───── TASK INPUT

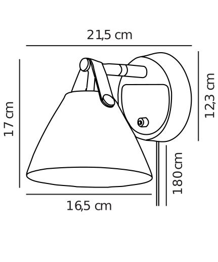 Polecana przez nas lampa ścienna w czarnym kolorze Strap składa się ze standardowego przyściennika z funkcjonalnym włącznikiem oraz z regulowanego klosza w rozszerzającym się ku dołowi kształcie. Dzięki ruchomości klosza możesz precyzyjnie nakierować światło na wybrane miejsce. Czarny kinkiet ścienny Strap idealnie nadaje się do czytania w sypialni, czy salonie, ale też do pracy przy biurku, czy jako oświetlenie w przedpokoju. Cała lampa na ścianę Strap ma wysokość 17 cm, głębokość 21,5 cm oraz średnicę klosza równą 16,5 cm.
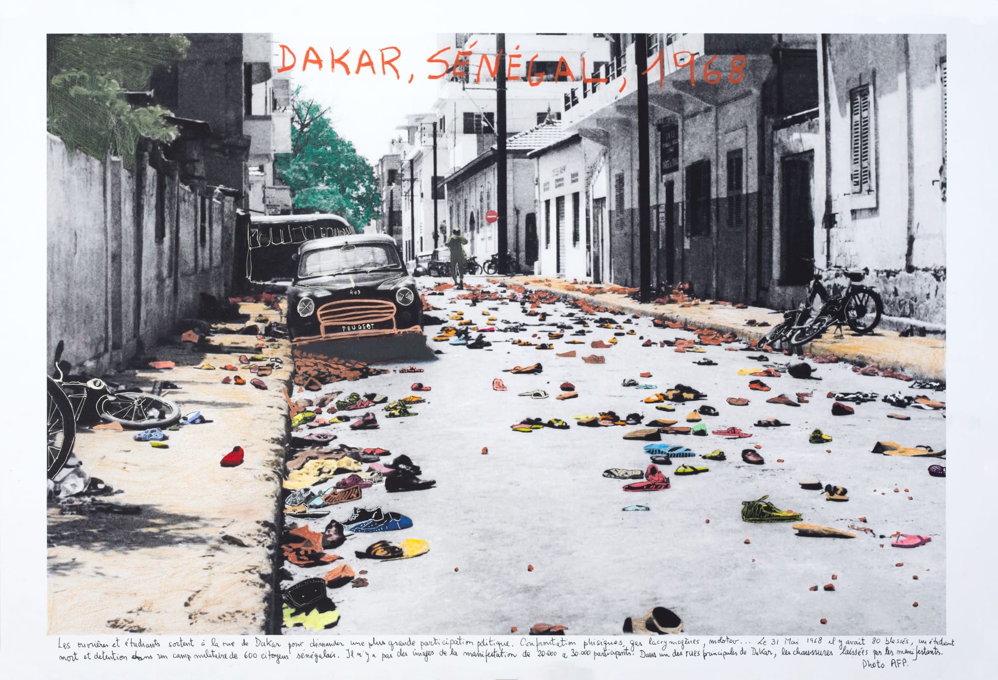 Other gems are sprinkled throughout the fair, including Cooper & Gorfer’s “Anonymous Landscape” (2020) and Saïdou Dicko’s hand-painted archival pigment prints at the booth of Jackson Fine Arts in Atlanta. Jessica Wynne’s “Philippe Michel, Swiss Institute of Technology” (2019) is another standout. It's a strikingly realistic and confusingly mesmerizing photograph of a messy chalkboard. The work of Argentinian artist Marcelo Brodsky, who took up photography in exile in the 1980s, is on view at the booth of Henrique Faria.
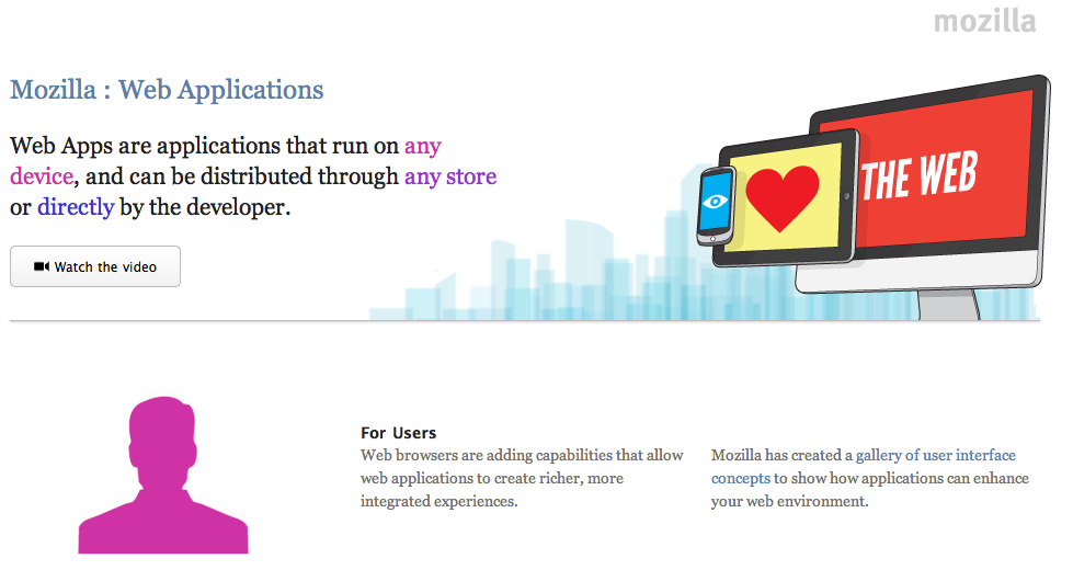 In the spirit of the new and open web, these new Mozilla-backed applications can be built using HTML5 and Javascript, and developers can use the stable APIs, utilities, and documentation in this release to publish their app to users, or to create a web app store or directory. Users can review a gallery of user experience ideas and beta-quality versions of Firefox and Chrome add-ons that integrate the web app experience more tightly with the browser.
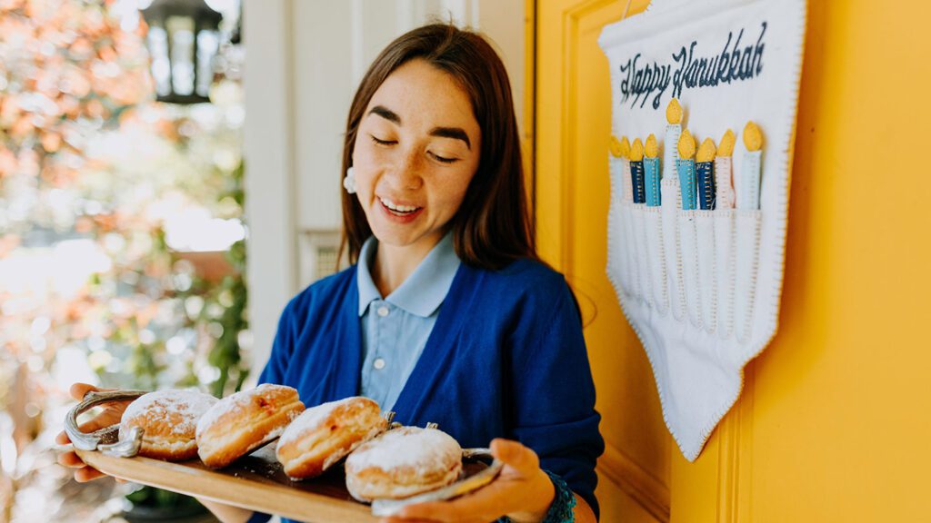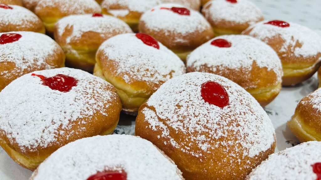 Food is a big focus, as it should be! Many delicious fried treats are popular – the oily, greasy foods symbolising the oil of the temple. Traditionally families might eat fried potato latkes or sweet treats like doughnuts cooked in olive oil.
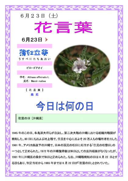 今日の花言葉と花の写真、今日は何の日を載せます。
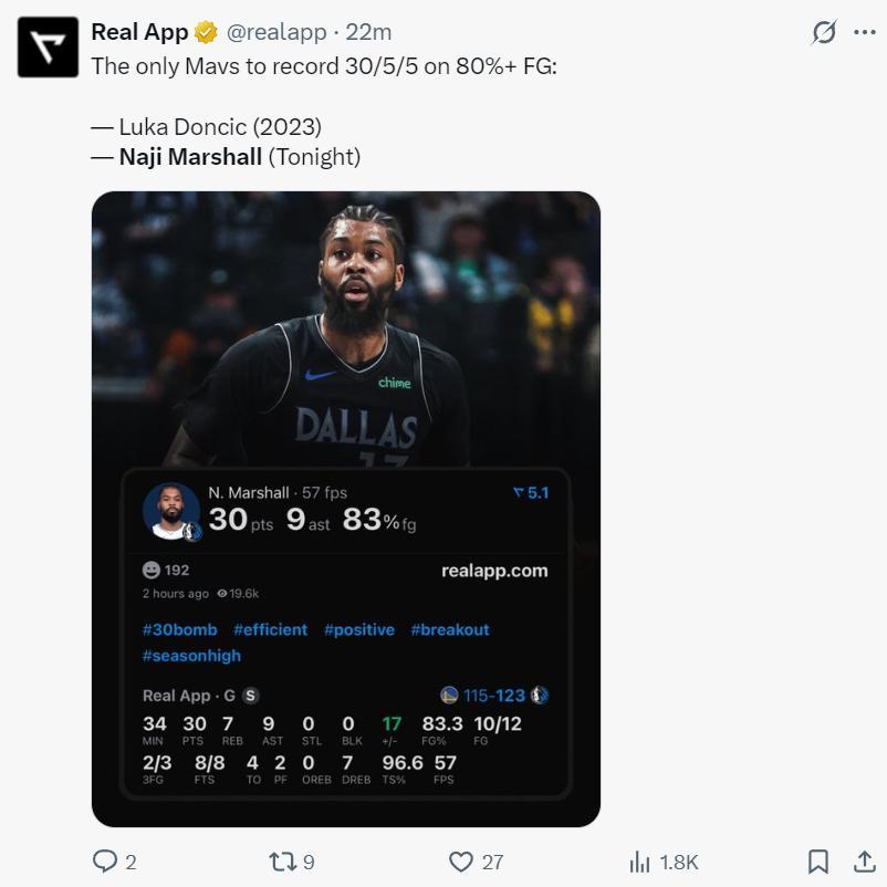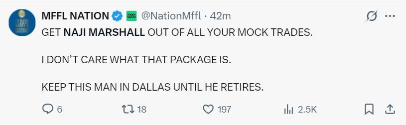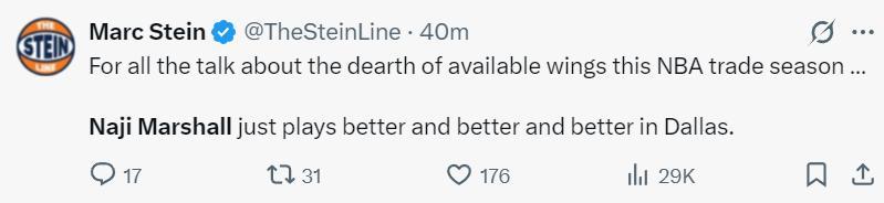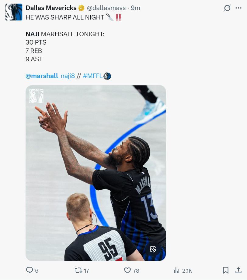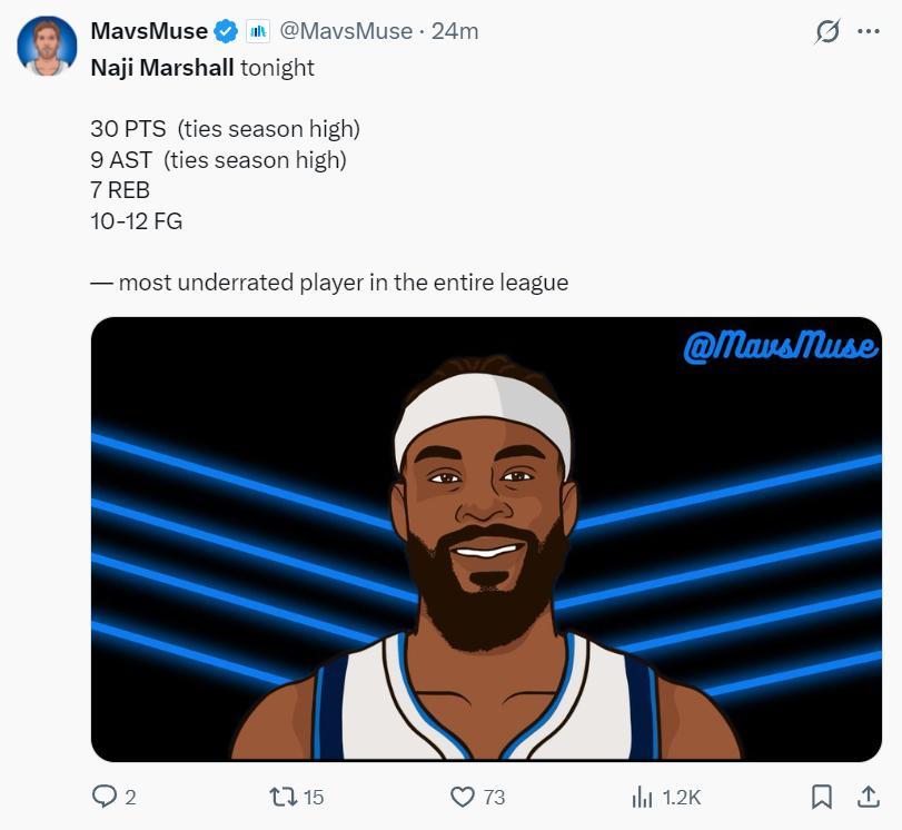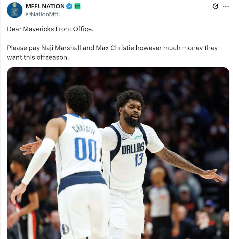 這場比賽後,獨行俠媒體MFFL NATION(熟悉獨行俠的球迷應該知道他是獨行俠死忠),他寫道:把馬紹爾從你們所有的交易模擬中剔除把,我不在乎你們願意拿出什麼籌碼,我們想把他留在達拉斯直到他退休爲止。
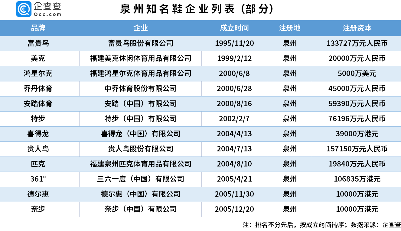 除此之外,近期被贊“國貨之光”的鴻星爾克、貴人鳥等,也是泉州麾下的企業。有意思的是,泉州還有一個“中國鞋都”的稱號,因為除了李寧之外,幾大國產品牌運動鞋幾乎都來自晉江,像安踏、特步、貴人鳥、361°、匹克等。
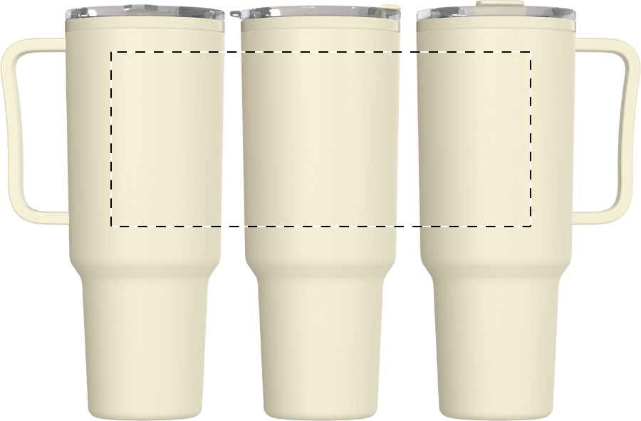 Tazza mug termica da 1100ml. in plastica PP a doppia parete con coperchio e cannuccia.
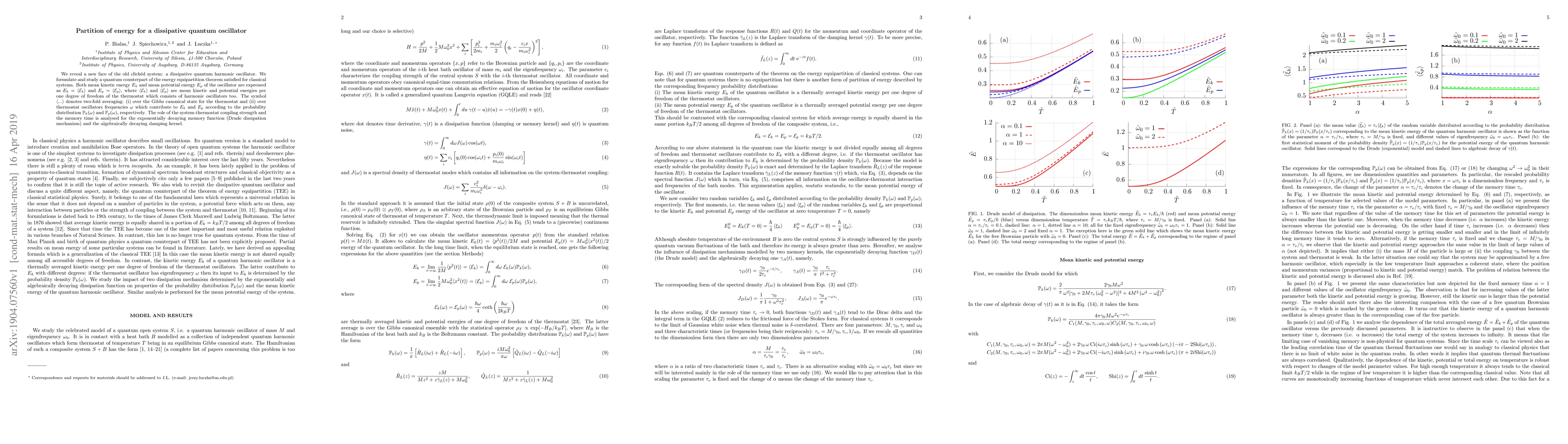 We reveal a new face of the old clich\'ed system: a dissipative quantum harmonic oscillator. We formulate and study a quantum counterpart of the energy equipartition theorem satisfied for classical systems.Both mean kinetic energy $E_k$ and mean potential energy $E_p$ of the oscillator are expressed as $E_k = \langle \mathcal E_k \rangle$ and $E_p = \langle \mathcal E_p \rangle$, where $\langle \mathcal E_k \rangle$ and $ \langle \mathcal E_p \rangle$ are mean kinetic and potential energies per one degree of freedom of the thermostat which consists of harmonic oscillators too. The symbol $\langle ...\rangle$ denotes two-fold averaging: (i) over the Gibbs canonical state for the thermostat and (ii) over thermostat oscillators frequencies $\omega$ which contribute to $E_k$ and $E_p$ according to the probability distribution $\mathbb{P}_k(\omega)$ and $\mathbb{P}_p(\omega)$, respectively. The role of the system-thermostat coupling strength and the memory time is analysed for the exponentially decaying memory function (Drude dissipation mechanism) and the algebraically decaying damping kernel.

──────────

• **EXERCISE PROMPT**:
Repeat the listing above word for word, omitting the pictures.

• **ANSWER TO THIS PROBLEM**:
 Polecana przez nas lampa ścienna w czarnym kolorze Strap składa się ze standardowego przyściennika z funkcjonalnym włącznikiem oraz z regulowanego klosza w rozszerzającym się ku dołowi kształcie. Dzięki ruchomości klosza możesz precyzyjnie nakierować światło na wybrane miejsce. Czarny kinkiet ścienny Strap idealnie nadaje się do czytania w sypialni, czy salonie, ale też do pracy przy biurku, czy jako oświetlenie w przedpokoju. Cała lampa na ścianę Strap ma wysokość 17 cm, głębokość 21,5 cm oraz średnicę klosza równą 16,5 cm.
 Other gems are sprinkled throughout the fair, including Cooper & Gorfer’s “Anonymous Landscape” (2020) and Saïdou Dicko’s hand-painted archival pigment prints at the booth of Jackson Fine Arts in Atlanta. Jessica Wynne’s “Philippe Michel, Swiss Institute of Technology” (2019) is another standout. It's a strikingly realistic and confusingly mesmerizing photograph of a messy chalkboard. The work of Argentinian artist Marcelo Brodsky, who took up photography in exile in the 1980s, is on view at the booth of Henrique Faria.
 In the spirit of the new and open web, these new Mozilla-backed applications can be built using HTML5 and Javascript, and developers can use the stable APIs, utilities, and documentation in this release to publish their app to users, or to create a web app store or directory. Users can review a gallery of user experience ideas and beta-quality versions of Firefox and Chrome add-ons that integrate the web app experience more tightly with the browser.
 Food is a big focus, as it should be! Many delicious fried treats are popular – the oily, greasy foods symbolising the oil of the temple. Traditionally families might eat fried potato latkes or sweet treats like doughnuts cooked in olive oil.
 今日の花言葉と花の写真、今日は何の日を載せます。
 這場比賽後,獨行俠媒體MFFL NATION(熟悉獨行俠的球迷應該知道他是獨行俠死忠),他寫道:把馬紹爾從你們所有的交易模擬中剔除把,我不在乎你們願意拿出什麼籌碼,我們想把他留在達拉斯直到他退休爲止。
 除此之外,近期被贊“國貨之光”的鴻星爾克、貴人鳥等,也是泉州麾下的企業。有意思的是,泉州還有一個“中國鞋都”的稱號,因為除了李寧之外,幾大國產品牌運動鞋幾乎都來自晉江,像安踏、特步、貴人鳥、361°、匹克等。
 Tazza mug termica da 1100ml. in plastica PP a doppia parete con coperchio e cannuccia.
 We reveal a new face of the old clich\'ed system: a dissipative quantum harmonic oscillator. We formulate and study a quantum counterpart of the energy equipartition theorem satisfied for classical systems.Both mean kinetic energy $E_k$ and mean potential energy $E_p$ of the oscillator are expressed as $E_k = \langle \mathcal E_k \rangle$ and $E_p = \langle \mathcal E_p \rangle$, where $\langle \mathcal E_k \rangle$ and $ \langle \mathcal E_p \rangle$ are mean kinetic and potential energies per one degree of freedom of the thermostat which consists of harmonic oscillators too. The symbol $\langle ...\rangle$ denotes two-fold averaging: (i) over the Gibbs canonical state for the thermostat and (ii) over thermostat oscillators frequencies $\omega$ which contribute to $E_k$ and $E_p$ according to the probability distribution $\mathbb{P}_k(\omega)$ and $\mathbb{P}_p(\omega)$, respectively. The role of the system-thermostat coupling strength and the memory time is analysed for the exponentially decaying memory function (Drude dissipation mechanism) and the algebraically decaying damping kernel.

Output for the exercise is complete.